In summary, a majority of patients with LADA have at least two of five distinguishing clinical features (age of onset <50 years, acute symptoms before diagnosis, BMI <25 kg/m², personal history of autoimmune disease, or family history of autoimmune disease) at diagnosis of diabetes. The presence of at least two of these clinical features (LADA clinical risk score ≥2) in adults with diabetes justifies GADA testing. This clinical screening tool should increase the identification of autoimmune diabetes in adults and hopefully improve clinical management of their disease.

Did you have any acute (recent-onset, i.e., <6 months) symptoms of excessive thirst, frequent urination, or unintentional weight loss before diagnosis?

(The presence of symptoms such as fatigue, infection, and blurred vision were not included because they were deemed to be more subjective.)

What was your weight (to the nearest kilogram) at diagnosis?

What is your height (to the nearest centimeter)?
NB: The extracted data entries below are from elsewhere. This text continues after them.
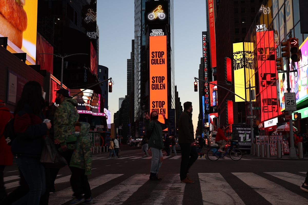 Şehrin en kalabalık mekanı Times Meydanı’nda bulunan dijital dev ekranda yayınlanan ilanda „Pensilvania’da yaşıyor. 251 masum insanı katletti. Gülen’i durdurun“ şeklinde ifadelerin yer aldığı gözlendi.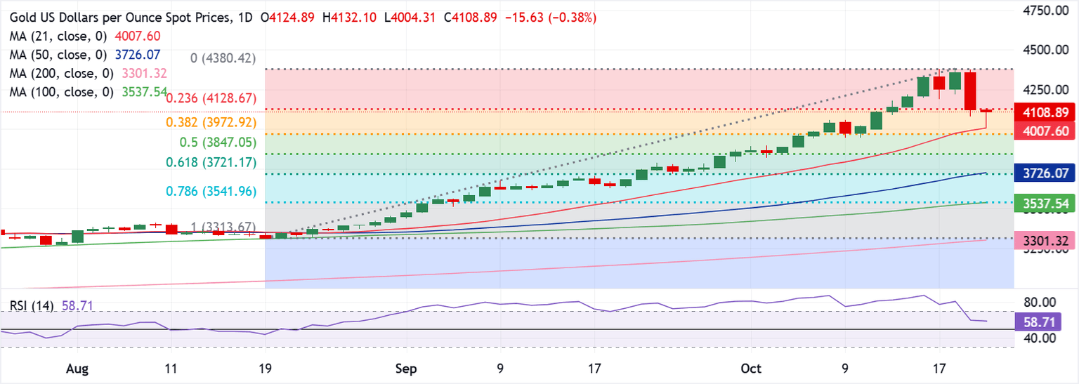 El Oro probó el soporte crítico en el área de 4.007$-3.973$, donde la media móvil simple (SMA) de 21 días y el nivel de retroceso de Fibonacci del 38.2% de la subida parabólica desde mediados de agosto se alinean.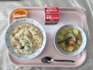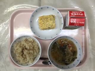 今日の給食メニュー:シーチキンご飯、中華風卵焼き、春雨スープ、牛乳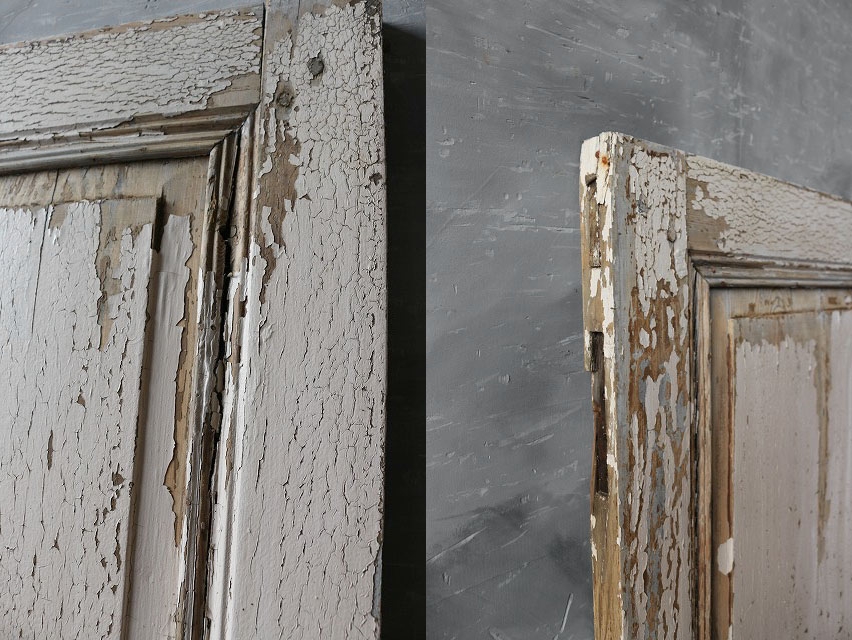 フランスで買い付けましたアンティークのウッドドアです。年月を経た風合いが非常におしゃれで良い雰囲気があります。実際にご使用いただくにはある程度のメンテナンスは必要ですが問題ないレベルかと思います。状態ですが、経年による木質・金属特有の劣化、塗装の剥がれ、小傷や擦れ、木欠けや木割れ、汚れ、歪み等といった使用感はありますが雰囲気を損ねるような目立つダメージもなく問題ない状態かと思います。ただあくまでアンティークになりますのでご理解いただける方のご購入をお願いします。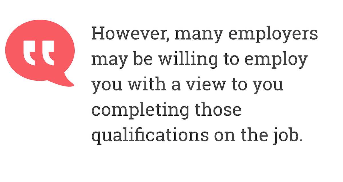 However, many employers may be willing to employ you with a view to you completing those qualifications on the job.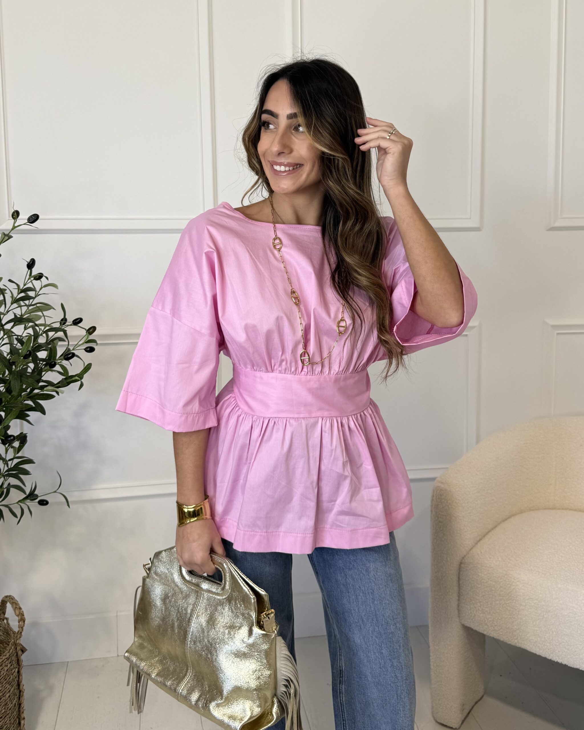 La Blouse TINA femme se prête à de nombreux looks. Par exemple, vous pouvez l’associer avec notre jean VANILLE pour un combo lumineux et tendance. Ce contraste de couleurs crée une silhouette fraîche et moderne.

Do you have a family history of diabetes (first- and second-degree relatives)? If yes, is it type 1 (insulin-dependent or juvenile-onset) diabetes or type 2 (non–insulin-dependent or adult-onset) diabetes?
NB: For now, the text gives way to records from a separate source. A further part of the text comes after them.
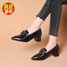 2025春秋新款尖头浅口中跟小皮鞋女鞋百搭粗跟单鞋工作鞋瓢鞋大码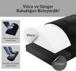 Visco ile Üstün Konfor: Ürünün üst kısmında kullanılan visco, vücut ısısına ve ağırlığına göre şekil alarak kişiye özel destek sağlar ve baskı noktalarını engeller. Bu özellik, uzun süreli oturmalarda sırt, kalça, bacak ve ayak rahatsızlıklarını azaltarak daha rahat bir deneyim sunar. Visko, vücut hatlarına uyum sağlayarak, konforunuzu en üst düzeye çıkarır.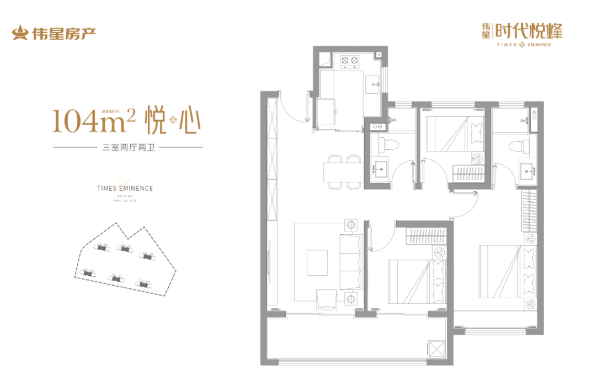 项目共规划6栋高层住宅(30-33F),其中,2、3#楼为30F,1、5#楼为32F,6、7#楼为33F,小区共计760户。整个项目打造2大户型,建面约104、113㎡,都是三房两厅两卫设计。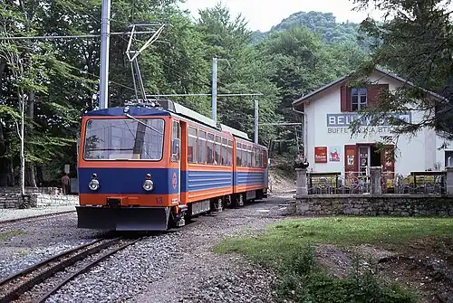In 1867, well before the railway opened, Carlo Pasta built a hotel near to the current location of the Bellavista station. In 1891, shortly after the line opened, a 0.4-kilometre (0.25 mi) long tramway was opened to link the station with the hotel. The line was built to 600 mm (1 ft 11+5⁄8 in) gauge, and used a single, horse-drawn, tramcar. Sources differ on the closure date of the line, with both 1913 and 1938 being quoted.[2][4][5]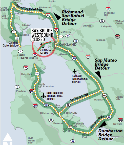 — If you’re on wheels, you can take the Richmond-San Rafael, San Mateo-Hayward or Dumbarton bridges.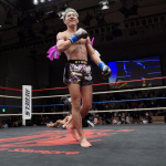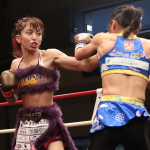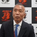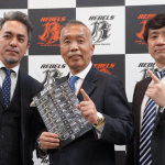 REBELS・KNOCK OUTの宮田充プロデューサー(左)、山口元気代表(右)と並ぶ石井館長

(Relatives with adult-onset diabetes who commenced insulin treatment within 6 months of diagnosis were classified as having type 1 diabetes.)

Do you or any of your relatives (first-and second-degree relatives) have autoimmune thyroid disease (i.e., an over- or underactive thyroid gland also known as Graves’ or Hashimoto’s disease), celiac disease (gluten allergy or intolerance), Addison’s disease, pernicious anemia (vitamin B₁₂ deficiency), vitiligo, alopecia, rheumatoid arthritis, Sjögren’s disease, or autoimmune hepatitis?

(If patients were unsure or not aware, these conditions were recorded as not being present.)

This study was supported by a Juvenile Diabetes Research Center Program Grant (to L.C.H.). S.F. is a Postgraduate Scholar of the National Health and Medical Research Council of Australia.

We thank Diabetes Australia for assistance in recruiting patients and Shane Gellert for performing islet antibody assays.